▶ **PROBLEM**: Skip the pictures. Set down, word for word, the lines from the start of the material up to and including the line with "The Shun Premier".

::: SOURCE MATERIAL :::

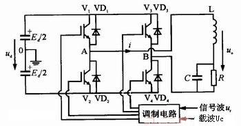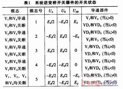 在采用IGBT作為開關(guān)器件的單相橋式PWM逆變電路中,假設(shè)負(fù)載為阻感負(fù)載。工作時V1和V2的通斷狀態(tài)互補,V3和V4的通斷狀態(tài)也互補。逆變橋的主回路由左右橋臂組成,每個橋臂有兩個IGBT,每一個開關(guān)器件都有一個PWM波控制其導(dǎo)通,且同一橋臂上的兩功率開關(guān)器件不能同時導(dǎo)通,否則會導(dǎo)致直流電壓短路??紤]到在感性負(fù)載下二極管VD1、VD2、VD3、VD4存在著續(xù)流的現(xiàn)象,且逆變橋同一橋臂上的兩個IGBT不能同時導(dǎo)通,所以在逆變電路中存在著五種開關(guān)狀態(tài),具體情況如表1所示。單相橋式刪逆變電路如圖1所示。
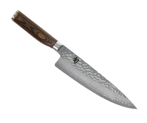 The Shun Premier 8-Inch Chef’s Knife is part of the beautiful Shun Premier line, which calls to mind the hand-forged knives of ancient Japan. While each knife still takes at least 100 handcrafted steps to complete, the materials Shun uses are among the most advanced in the industry. Each blade has a cutting core of Shun’s proprietary VG-MAX “super steel” to take and hold a precision edge. The layered Damascus cladding supports the core and provides additional stain resistance. Near the edge of the blade, where the steels meet, an undulating line is formed—similar to the hamon formed when samurai swords are tempered using a traditional clay-baking technique. The hammered tsuchime finish acts like a series of hollow-ground cavities to reduce drag. The handles nestle comfortably in the hand, while the embossed end cap adds balance and beauty.
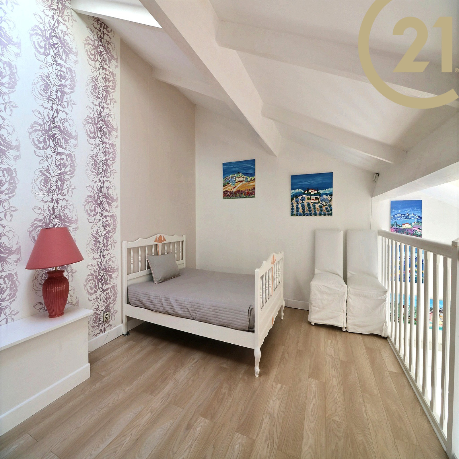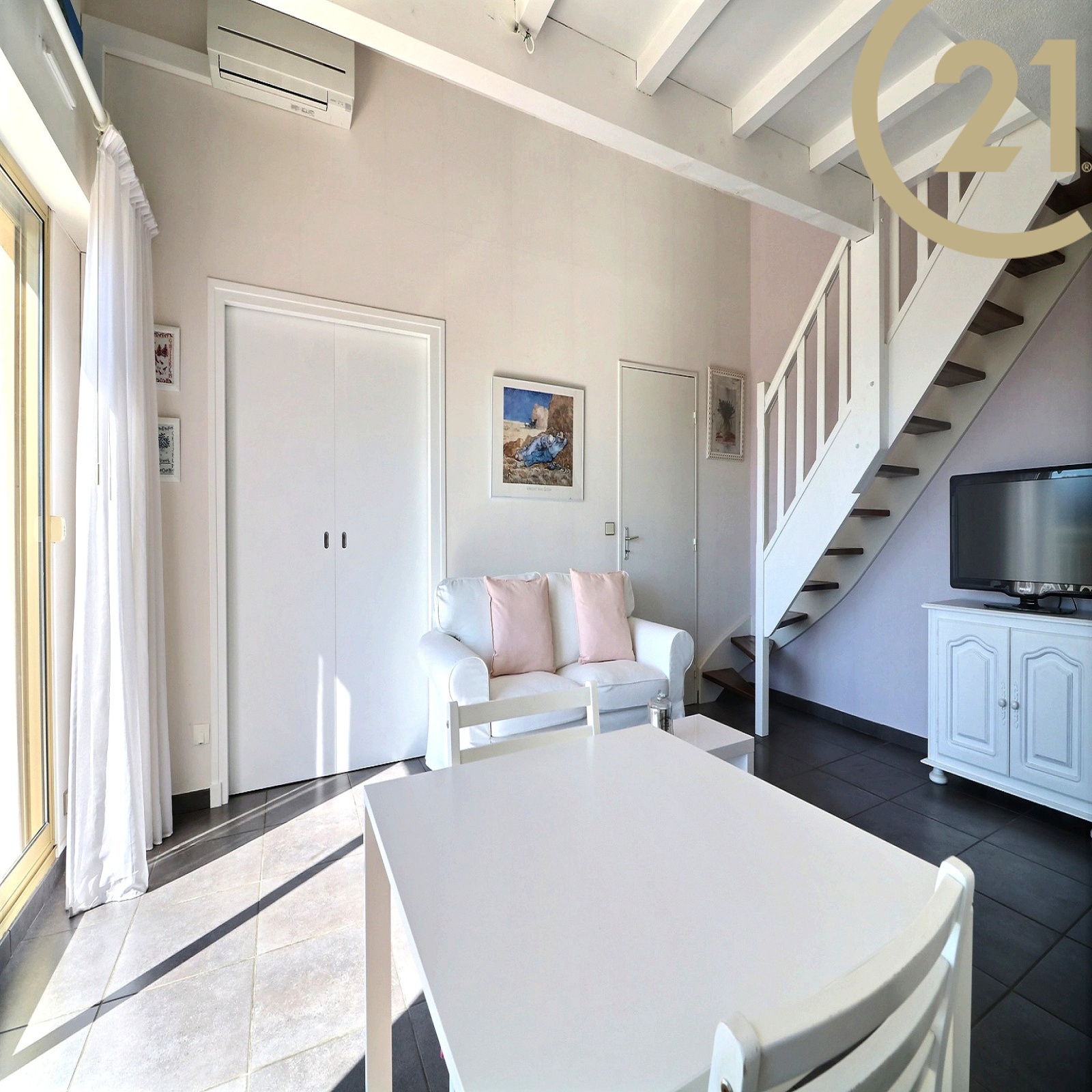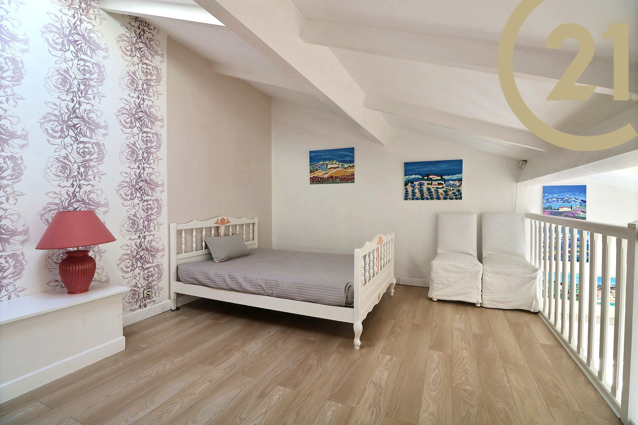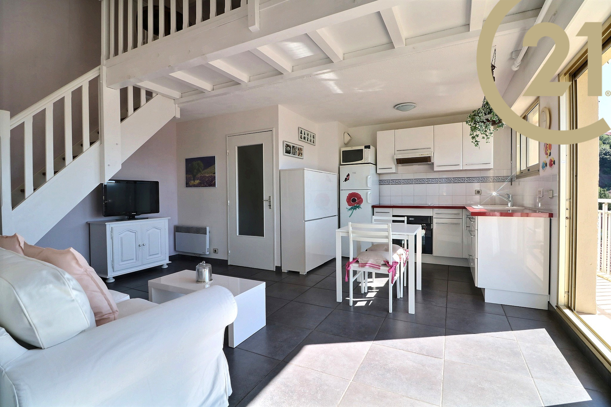 EXCLUSIVITE SAINT-RAPHAEL PROCHE CENTRE - Appartement entièrement rénové avec goût situé à proximité immédiate du centre ville de Saint-Raphaël dans une petite résidence sécurisée avec ascenseur. Cet appartement offre une entrée avec placard, un lumineux séjour avec cuisine entièrement équipée ouvert sur une terrasse bénéficiant d'une exposition Sud/Ouest et d'une jolie vue dégagée, une chambre donnant sur une grande terrasse couverte, une salle d'eau, des toilettes séparées et un dégagement avec rangements. Une grande mezzanine de plus de 13 m² avec rangements et velux motorisé complète cet espace. Une place de parking privative est vendue avec l'appartement. Gare, centre-ville et plage / mer accessibles en quelques minutes à pied. Copropriété de 51 lots. Charges annuelles : 1604 euros.

:::

▶ **REPLY**:
 在采用IGBT作為開關(guān)器件的單相橋式PWM逆變電路中,假設(shè)負(fù)載為阻感負(fù)載。工作時V1和V2的通斷狀態(tài)互補,V3和V4的通斷狀態(tài)也互補。逆變橋的主回路由左右橋臂組成,每個橋臂有兩個IGBT,每一個開關(guān)器件都有一個PWM波控制其導(dǎo)通,且同一橋臂上的兩功率開關(guān)器件不能同時導(dǎo)通,否則會導(dǎo)致直流電壓短路??紤]到在感性負(fù)載下二極管VD1、VD2、VD3、VD4存在著續(xù)流的現(xiàn)象,且逆變橋同一橋臂上的兩個IGBT不能同時導(dǎo)通,所以在逆變電路中存在著五種開關(guān)狀態(tài),具體情況如表1所示。單相橋式刪逆變電路如圖1所示。
 The Shun Premier 8-Inch Chef’s Knife is part of the beautiful Shun Premier line, which calls to mind the hand-forged knives of ancient Japan. While each knife still takes at least 100 handcrafted steps to complete, the materials Shun uses are among the most advanced in the industry. Each blade has a cutting core of Shun’s proprietary VG-MAX “super steel” to take and hold a precision edge. The layered Damascus cladding supports the core and provides additional stain resistance. Near the edge of the blade, where the steels meet, an undulating line is formed—similar to the hamon formed when samurai swords are tempered using a traditional clay-baking technique. The hammered tsuchime finish acts like a series of hollow-ground cavities to reduce drag. The handles nestle comfortably in the hand, while the embossed end cap adds balance and beauty.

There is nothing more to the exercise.